**Directions for this task**
Word for word, please copy the line containing "Foto: Karl Anderson" and all lines after it in the entries below, and only those, leaving every picture out.

====== Task data

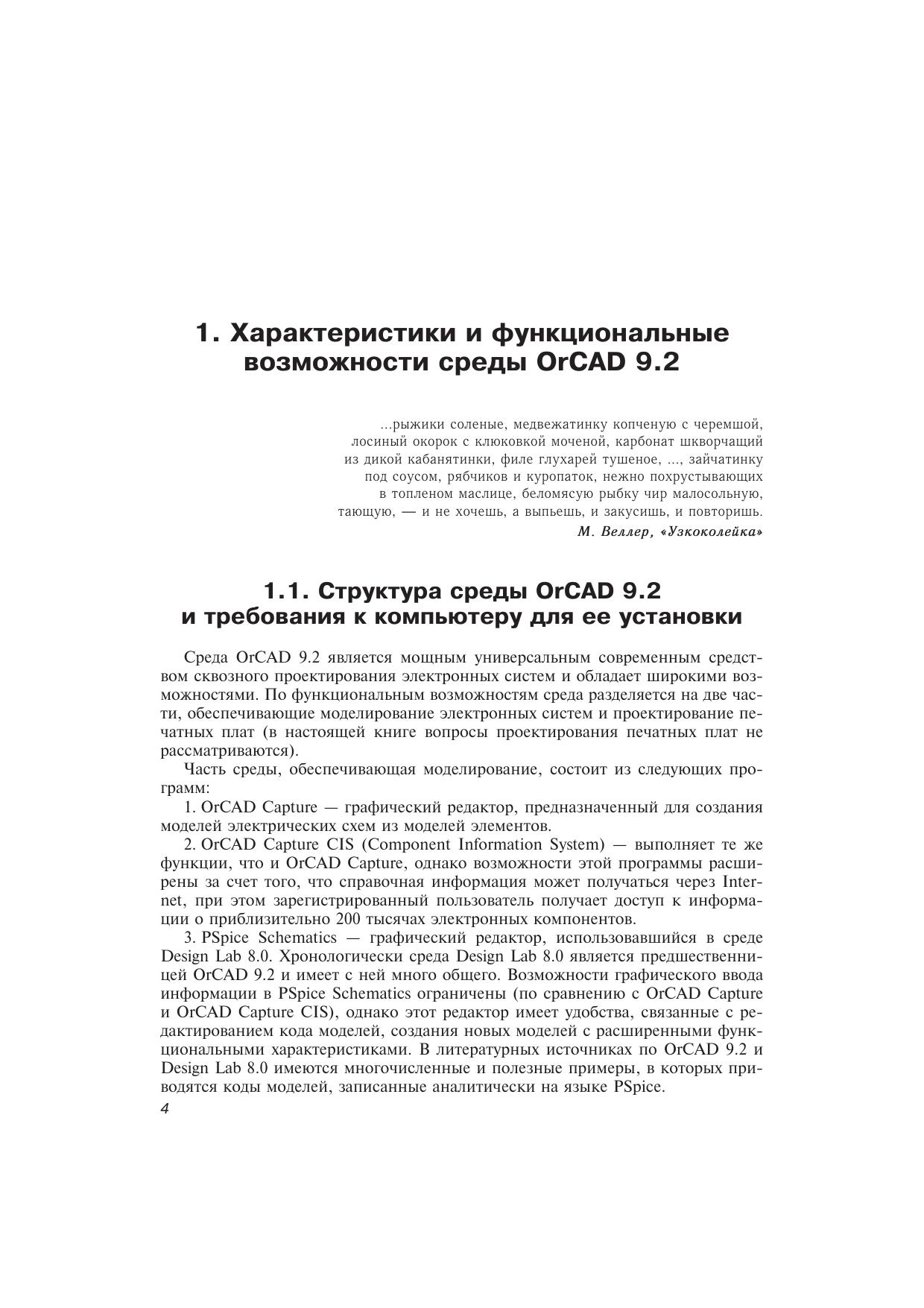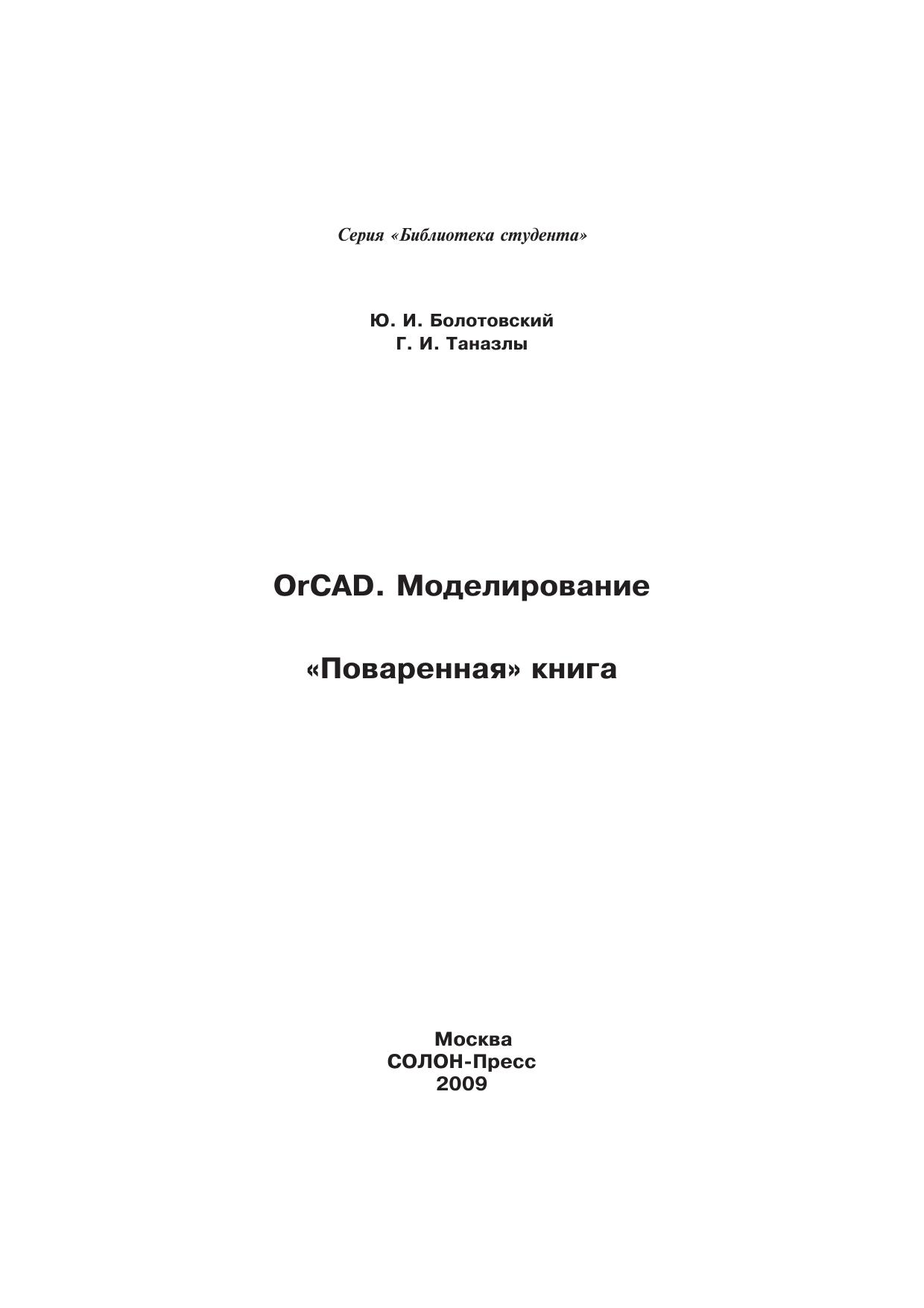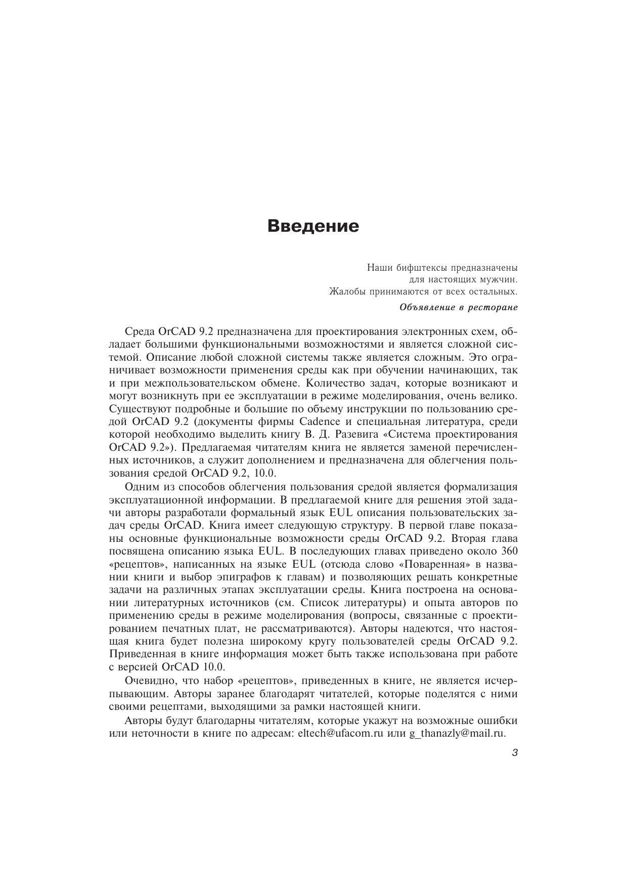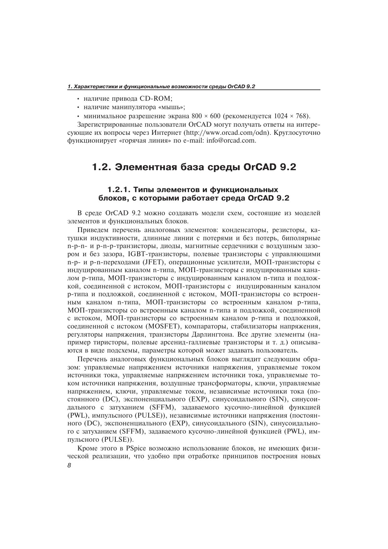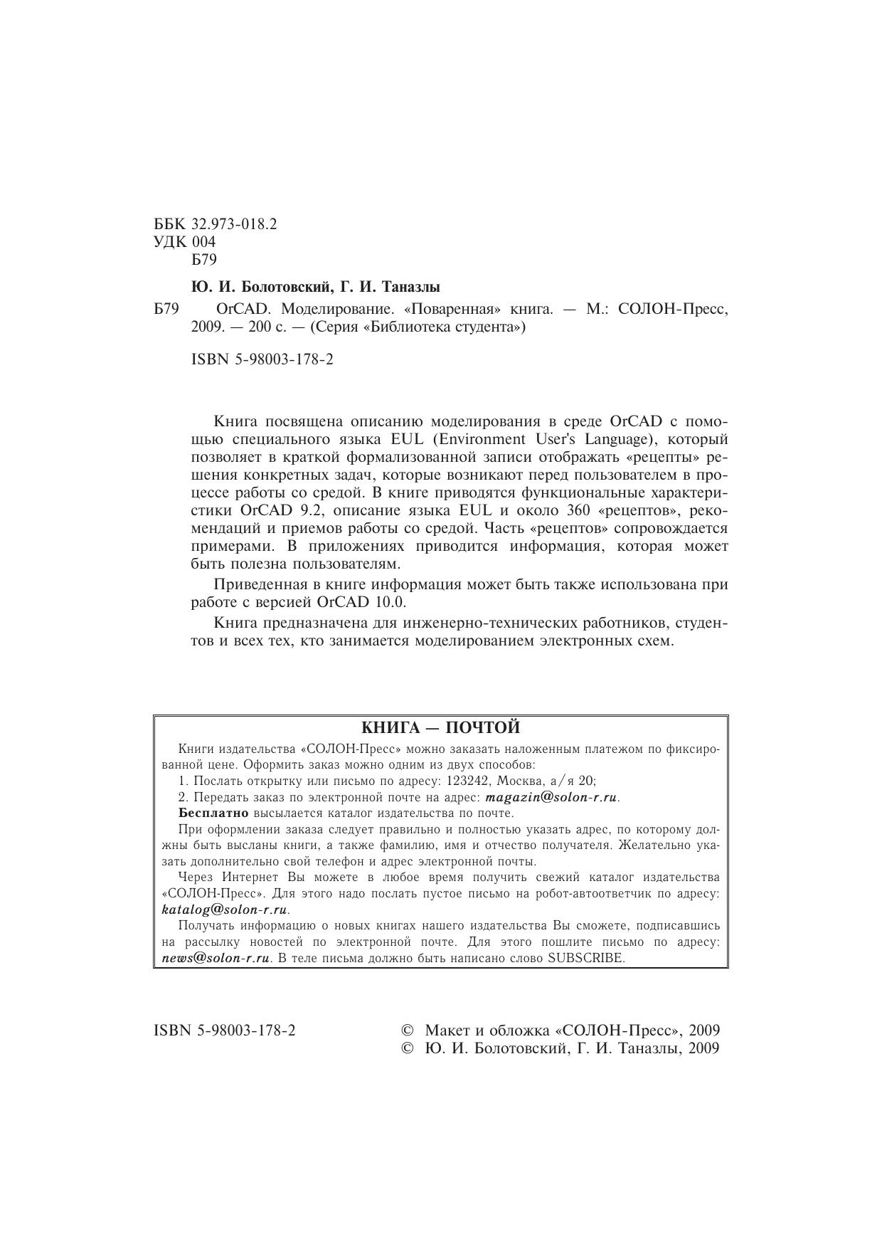 Книга посвящена описанию моделирования в среде OrCAD с помощью специального языка EUL (Environment User's Language), который позволяет в краткой формализованной записи отображать «рецепты» решения конкретных задач, которые возникают перед пользователем в процессе работы со средой. В книге приводятся функциональные характеристики OrCAD 9.2, описание языка EUL и около 360 «рецептов», рекомендаций и приемов работы со средой. Часть «рецептов» сопровождается примерами. В приложениях приводится информация, которая может быть полезна пользователям.Приведенная в книге информация может быть также использована при работе с версией OrCAD 10.0.Книга предназначена для инженерно-технических работников, студентов и всех тех, кто занимается моделированием электронных схем.
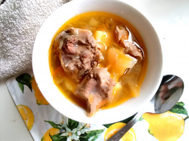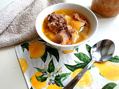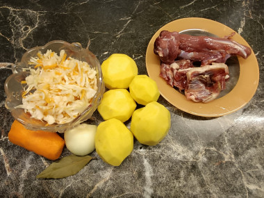 Как сварить классические щи с квашеной капустой? Рецепт очень простой. Подготовьте все необходимые ингредиенты по списку и начните с приготовления бульона. Можете брать говядину или телятину. Чтобы бульон был более наваристый, берите мясо с костью. Это может быть голяшка, лопатка на кости. У меня говяжьи ребрышки, но на них очень много мяса. Если найдете такие (ведь с ребер мясо иногда специально срезают), то можно сделать с ними.
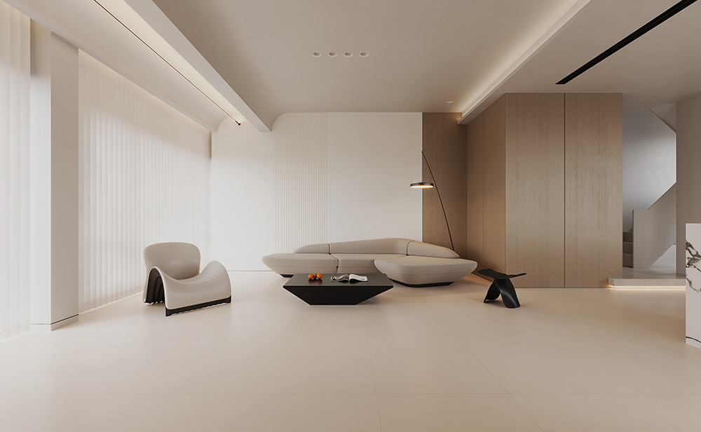 自然純粹的奶杏底紋上漂浮著點點印記,是時光賦予的溫柔,在光與影的交相輝映間,營造靈動的蓬勃韻律。
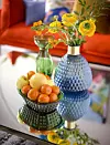 Blå vas ”Akaleja”, 379 kr, Ellos. Grön vas ”Iris”, 1 800 kr, grön skål ”Hortus Jardinjär”, 1 600 kr, båda från Svenskt Tenn. Foto: Karl Anderson
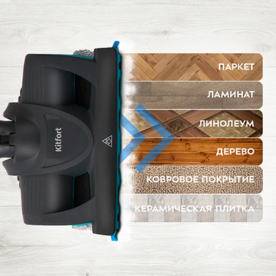 Вам больше не нужно сначала пылесосить, чтобы провести влажную уборку пола, потому что вы можете делать это одновременно! Паровой пылесос Kitfort КТ-535 сначала всасывает пыль и мелкий мусор, а затем очищает поверхность от грязи при помощи горячего пара.

============

**The answer**
 Blå vas ”Akaleja”, 379 kr, Ellos. Grön vas ”Iris”, 1 800 kr, grön skål ”Hortus Jardinjär”, 1 600 kr, båda från Svenskt Tenn. Foto: Karl Anderson
 Вам больше не нужно сначала пылесосить, чтобы провести влажную уборку пола, потому что вы можете делать это одновременно! Паровой пылесос Kitfort КТ-535 сначала всасывает пыль и мелкий мусор, а затем очищает поверхность от грязи при помощи горячего пара.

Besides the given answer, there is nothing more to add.